The reaction between calcium oxide (CaO) and water (H2O) to produce calcium hydroxide (Ca(OH)2) is as follows:

CaO + H2O → Ca(OH)2

From the balanced chemical equation, we can see that one mole of CaO reacts with one mole of H2O to produce one mole of Ca(OH)2.

First, we need to calculate the number of moles for CaO and H2O.

The molar mass of CaO = 40.08 g/mol (for Ca) + 16.00 g/mol (for O) = 56.08 g/mol The molar mass of H2O = 1.01 g/mol (for H) x 2 + 16.00 g/mol (for O) = 18.02 g/mol

Number of moles of CaO = mass / molar mass = 150.0 g / 56.08 g/mol = 2.67 mol Number of moles of H2O = mass / molar mass = 50.0 g / 18.02 g/mol = 2.77 mol

The reaction is limited by the reactant that is present in the smallest amount. In this case, it is CaO because it has fewer moles.
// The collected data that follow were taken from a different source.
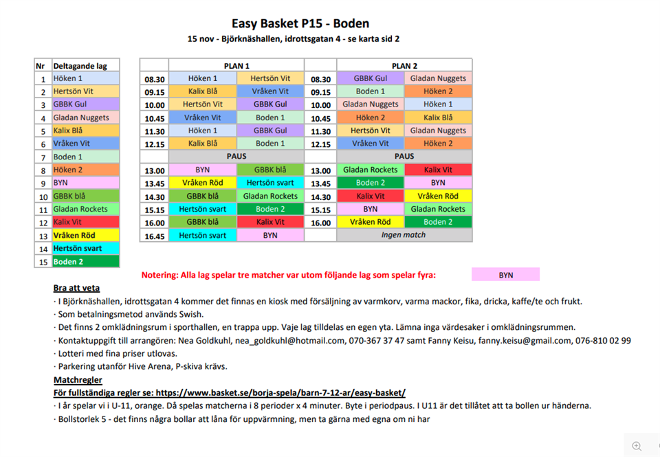 Här kommer lagindelning och spelschema inför helgens sammandrag. Vi spelar i Björknäshallen. Hertsön Vit spelar på förmiddagen, samling 08:00 Jakob Alejandro Christopher Liam E Moses Chrisnovie Hertsön Svart spelar på eftermiddagen, samling 13:15 Liam T Noah Elvis Pontus Ludvig Theodor Som vanligt säljs det korv, fika och mackor. Kommer även vara ett lotteri. Parkering finns utanför Hive Arena, P-skiva krävs. P-15 / 16 11 nov 1kommentar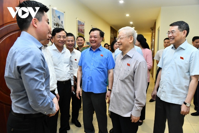 Tổng Bí thư Nguyễn Phú Trọng tiếp xúc cử tri các quận Đống Đa, Ba Đình, Hai Bà Trưng- Hà Nội. Ảnh: VOV |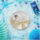 Wunderschöner Anzug auf weißem Satin-Hintergrund mit Goldband.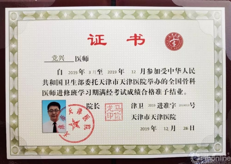 自从2019年农历己亥春节过后,我就离开医院领导同事,离开父母妻女,北上津门来到了具有“骨科届黄埔军校”的之称的天津市天津医院(又名天津市骨科医院)进修学习骨科专业知识,期间接到了许多患者的求治电话却无法面诊,也逐渐淡出了医院各位同事的视野,不少关心我的朋友和患者都对我发出了同样的疑问:“党医生,你都‘消失’快一年了,这一年你都干啥了?”
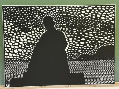 啄木像・函館山・立待岬・海・空がモノトーンで描かれていますが、作品を見る者の想像力にそれらの色彩や陰影がゆだねられる奥深い作品です。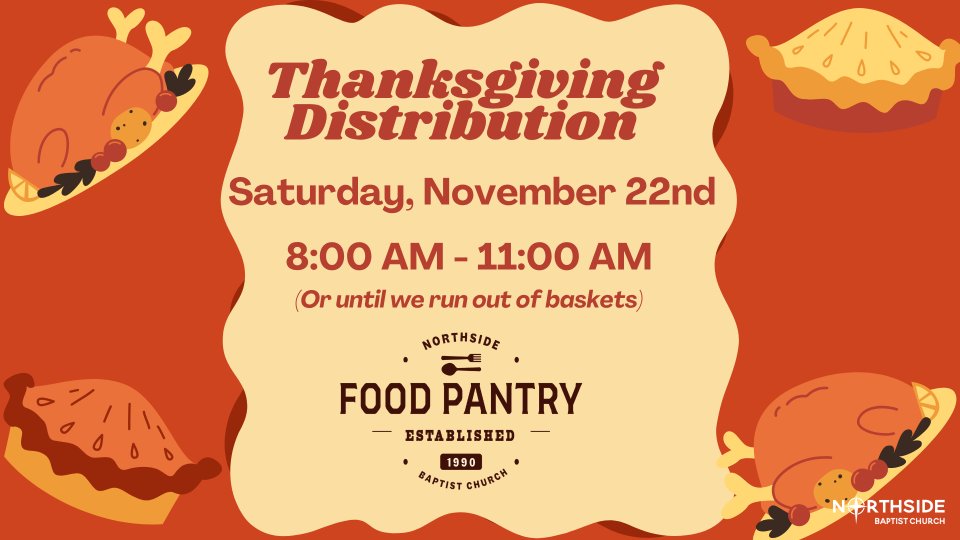 Early on Saturday morning, November 22, the Northside Baptist Food Pantry will open its doors to bless families in our community with a full Thanksgiving meal basket.

Therefore, the number of moles of Ca(OH)2 produced is equal to the number of moles of CaO, which is 2.67 mol.

Finally, we calculate the mass of Ca(OH)2 produced.

The molar mass of Ca(OH)2 = 40.08 g/mol (for Ca) + 15.999 g/mol (for O) x 2 + 1.01 g/mol (for H) x 2 = 74.10 g/mol

Mass of Ca(OH)2 = number of moles x molar mass = 2.67 mol x 74.10 g/mol = 197.8 g

So, 197.8 g of calcium hydroxide is produced by the complete reaction of 150.0 g CaO with 50.0 g of water.